When the General Assembly meets on Saturday, that's pretty unusual. When they meet on a Sunday, that's unheard of.
But beginning at noon Sunday, the House Health & Insurance Committee is holding a rarest-of-rare Sunday hearing on a topic that's generated plenty of controversy in the past two sessions: vaccinations.
The Sunday session only adds fuel to the fire.
Senate Bill 163 is an attempt to boost Colorado's poor track record of immunizations by setting a statewide standard of 95% of children immunized.
It also strips away all exemptions except for those based on religious beliefs, "whose teachings are opposed to immunizations or a personal belief that is opposed to immunizations."
Exemptions must be provided in writing from a healthcare provider, according to the measure, or the parent or guardian go through an online informational course produced by the Colorado Department of Public Health and Environment to qualify for an exemption.
As one might expect, the bill drew hundreds of angry anti-vaccination advocates to the state Capitol when it went through the Senate back in February.
When this week's hearing was announced, it produced outrage for House Republicans, who announced via Twitter Friday they would "slow the session down."
To House Democrats, they said, "you have thrown an incredibly controversial bill on the committee schedule on a Sunday afternoon and shutting down debate."
Saturday, the caucus held a protest on the west steps of the Capitol; a Sunday protest of anti-vaccination advocates brought hundreds, but it was dwarfed by the Black Lives Matter protest in Civic Center Park, which drew thousands.
Democratic House Majority Leader Alec Garnett of Denver told the House they'd try to get done early on Friday.
But House Republicans kept their word on slowing things down, which led to an all-day session that didn't break until after 5 p.m. It wasn't only about the vaccination bill; under a mantra of "fast, friendly and free," Democrats had pledged to work on the budget, school finance and COVID-related measures. Republicans watched as dozens of their measures got the axe, And then Democrats began introducing on paid leave, reinsurance, workplace liability reforms and law enforcement accountability.
On Friday, in response, Republicans read newspaper articles, histories, and even a lengthy discussion of eggs. Five bills — mostly short — were read at length.
All five were non-controversial, with strong bipartisan votes.
The bills included one requiring doctors to disclose discipline about sex offense; three others were sunsets — measures that reauthorize regulations of licensed occupations or programs — including private investigators and egg dealers, and the Colorado Seed Act. The last was a bill on modifying state regulations around perfluoroalkyl and polyfluoroalkyl substances, known as PFAS. The bill is a bipartisan one, sponsored by the Colorado Springs delegation.
And then Republicans got up and spoke at length about each bill up for a final vote, mostly in support of the measure.
Final votes are usually relatively quick events, but the first bill on requiring doctors to disclose discipline about sex offenses took more than a half hour.
That included comments from Rep. Larry Liston of Colorado Springs, who said he had little knowledge about the medical profession, but then went into a long list of family members in the medical profession.

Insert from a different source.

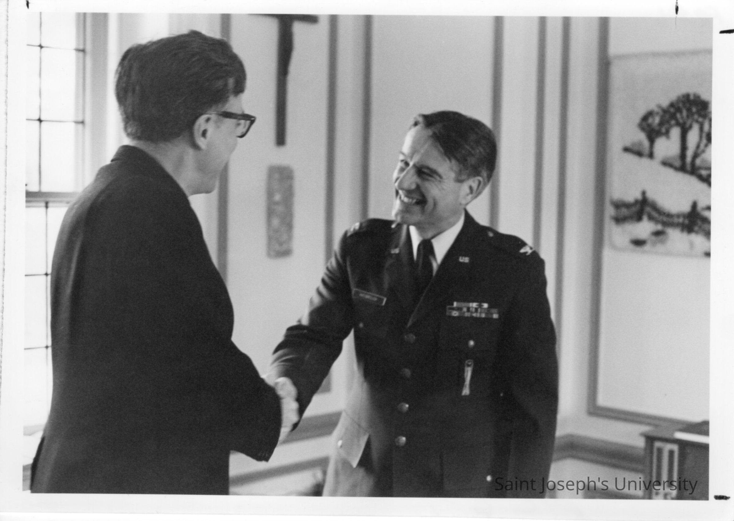 Donald I. MacLean, S.J. shaking hands with Air Force ROTC commander.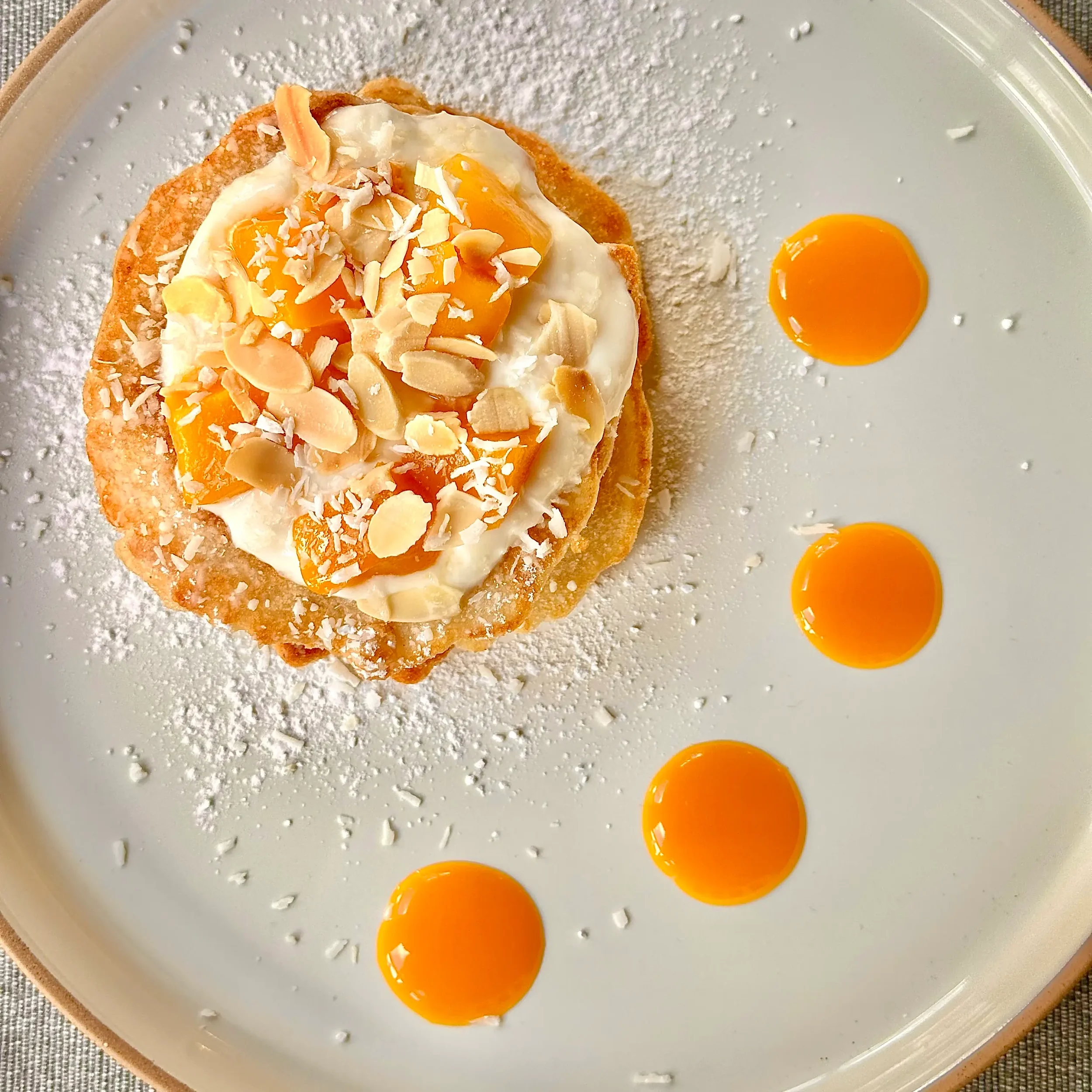 tropical coconut and mango pancakes

After the first bill, each discussion on succeeding bills took even longer, going past two hours, on measures Republicans largely supported.
"I"m not here to waste your time," said Rep. Richard Holtorf, an Akron Republican, before reading an article on private investigators, a measure with an hour-long debate, and that passed on a vote of 48 to 15.
That included an attempt by Liston to name the bill the "Tom Selleck/Magnum PI Private Investigator Act," calling Selleck the person most responsible for publicizing private investigators. Rep. Steve Humphrey of Ault asked for a "no" vote. It's an offense to Adrian Monk (another TV show featuring a PI), he said. The House voted down Liston's request for a third-reading amendment.
The PFAS bill, House Bill 1119, went even longer, clocking in at nearly 100 minutes. Liston offered a history of PFAS, including his father's service in World War II as a bomber pilot in the Pacific. He went into some length on how those planes worked before tying it back to the bill.
A discussion on the Colorado Seed Act lasted more than two hours, adding a tactic to reconsider a previously-rejected amendment to the measure.
Then there was the egg dealer bill, a discussion that went on for close to three hours. That included articles on how to raise chickens, federal regulations, the importance of eggs and which states produce the most eggs.
"We want to be number one," said Rep. Dave Williams of Colorado Springs. "It's unfortunate we're not."
With the sound of Black Lives Matter protesters in the background, a report on the egg industry's processing and transportation costs, shared by Liston and Rep. Colin Larson of Littleton, lasted until Larson just started laughing and quit. The two sides negotiated a compromise on the vaccination bill and that ended the filibuster.
After that finale, the rest of the bills were passed without further delaying tactics.
Update: this story was clarified to add other reasons for the filibuster.